Howard Dean is more complex than I thought

By Jason Wojciechowski on July 31, 2003 at 5:46 AM

The NY Times has an interesting article on Dean and his candidacy. I had a picture of him as a pretty lefty guy, a typical Vermonter, but clearly I had no idea what I was talking about.

The article points out that Dean is actually fiscally conservative, and even draws strong support from the NRA (though it's basically only for saying that gun issues are state issues). I had been a little wary of Dean before, because I don't think he stands a snowball's chance of taking down George Bush in 2004 if he manages to win his primary. A political lifer like Al Gore got absolutely mangled by the Bush team, turning what should have been an easy victory for Gore into a shameful (for the way he just gave it up, that is) defeat. What kind of chance does a relative neophyte like Dean have?
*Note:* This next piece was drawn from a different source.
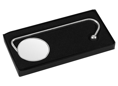 Colgador Metálico de sobremesa para Bolsos y Carteras. Presentación en estuche laminado negro con cuna aterciopelada.

I'm extremely willing to have a more centrist kind of Democrat in office so long as there is a Democrat in office in 2004. John Kerry may not have ever signed a bill supporting gay unions, but I trust Kerry and his team (and, lest we forget, his Heinz money) to be able to go toe-to-toe with Karl Rove, et al. It'd be nice to see a Vermont Democrat in our highest office, sure, but I don't think it's going to happen, and Massachusetts is the next best thing, isn't it?

Meanwhile, the article raises the question of whether Dean is peaking too early.
Can he keep creating more and more swell behind his candidacy, or will the wave break before it reaches shore? Whether it is or isn't, I wonder if we might ask the same questions about the attacks on Bush's war. New news seems to come out every day about intelligence documents and more soldiers dying and so forth, but can the anti-Bush crew keep up the steady pounding on the hawks, hoping driving his popularity into Bloomberg territory, right up through the election?

As a pessimist, I'm going to say no. I'm afraid that Bush will somehow manage to keep slithering out of these lies, keep hoodwinking 49% of the public, and maintain just enough popularity and just enough of a policy edge (because who doesn't like tax breaks?) to win in 2004. It may take more election-night highjinks from his family to pull it off, but the Supreme Court is still configured the way it was before, so there's no reason to think that the outcome would be any different.